Zurita the poet began his journey during the infamous military coup of 11 September 1973 in Chile. Augusto Pinochet, the then commander-in-chief of the Chilean army, marched out on the streets to overthrow the ruling democratic party and establish dictatorship until 1990, murdering and torturing people on a mass scale. On the day of the coup, 22-year-old Zurita was arrested with 800 others, for studying in a leftist university. For six weeks they were crammed in a dingy room meant only for 100.

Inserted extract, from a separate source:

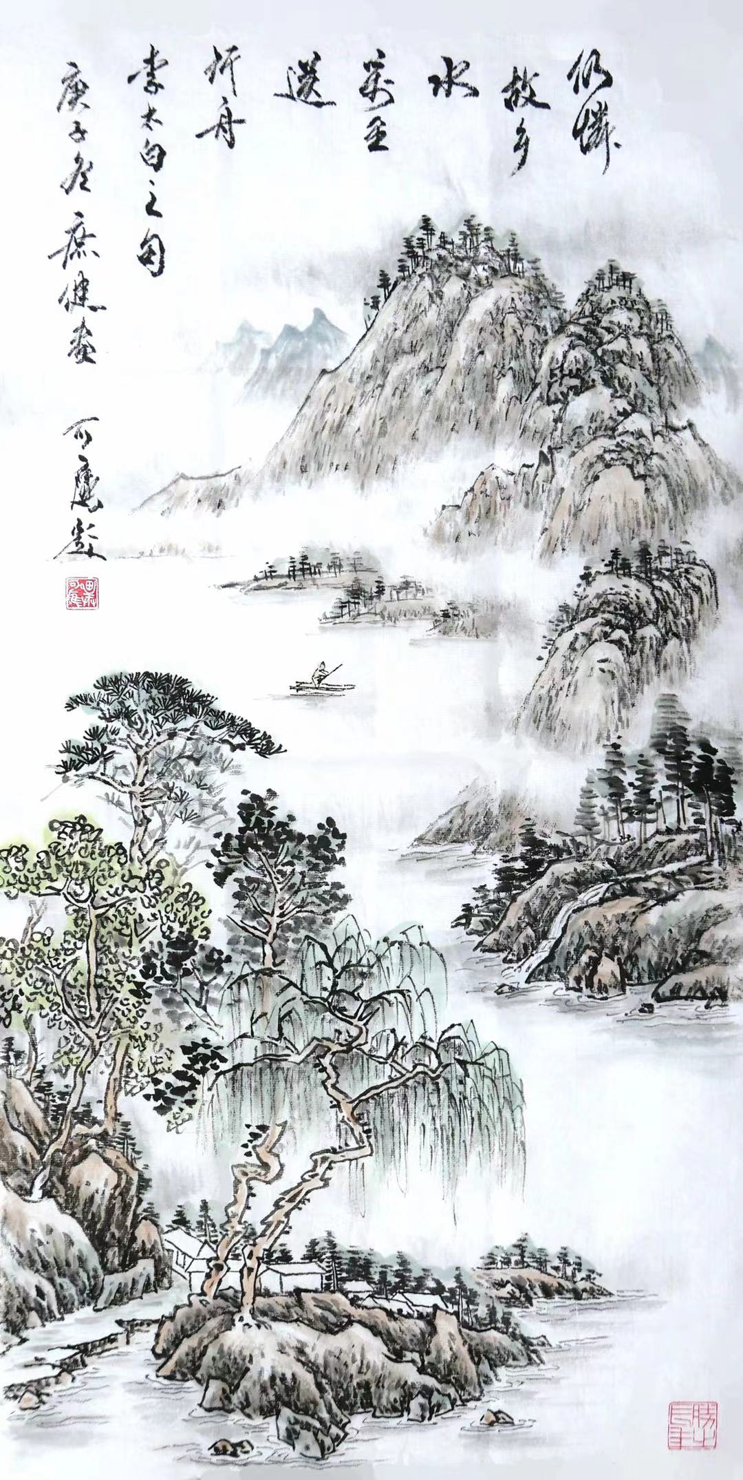 为毕庶健叔叔山水画题款:仍怜故乡水,万里送行舟(李白)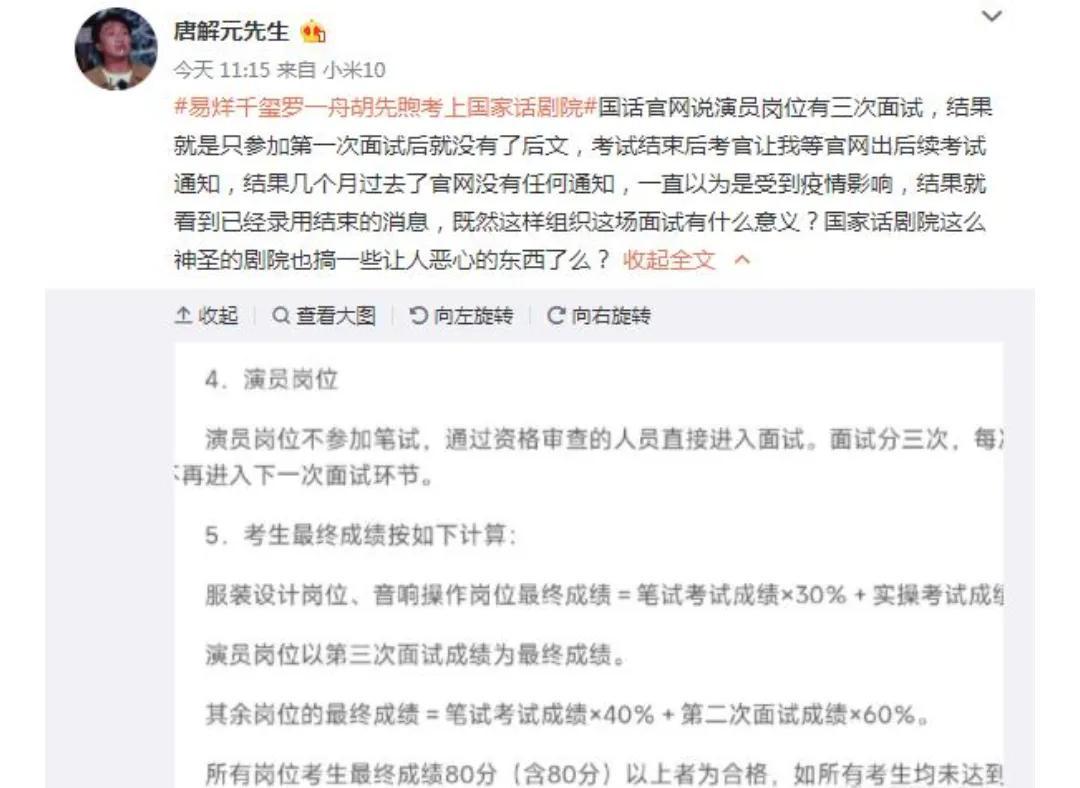 本来三位明星免笔试已有争议,如今连面试的过程都被省略。网友们开始议论纷纷,合理怀疑考试过程的公平公正性。并且国家话剧院招聘的要求明明写着“非在职人员”,而这几个明星都是有“工作”的,为什么还可以入选?

“It was my descent into hell. But I realized that what happened to me is nothing compared to what happened to thousands of my compatriots. It’s nothing compared to those being massacred in a bombing right now," says Zurita. “The end of the world is not something that will happen, it is something that happens in that minute when someone is killed or tortured. I decided that I would speak from there, from the horror of that world, not to stay in that horror, but to insist again and again that the human task is the construction of happiness, is the construction of beauty, and is the construction of the good."
When he was released from jail, an official tossed his file of poems, the one that had kept him sane in those difficult days, into the sea. Young Zurita was shocked and couldn’t write poems for the next year and a half.
But then it all came back. A couple of soldiers threw Zurita out of a public bus and beat him up. “When I was humiliated, I remembered the phrase from the Bible that said that if they hit you on one cheek, you offer another. I took a knife, heated it and burnt my cheek until it became red." In that moment, in a flash, Zurita remembered all the poems that had been thrown into the sea and published his first book of poetry, Purgatorio, in 1979.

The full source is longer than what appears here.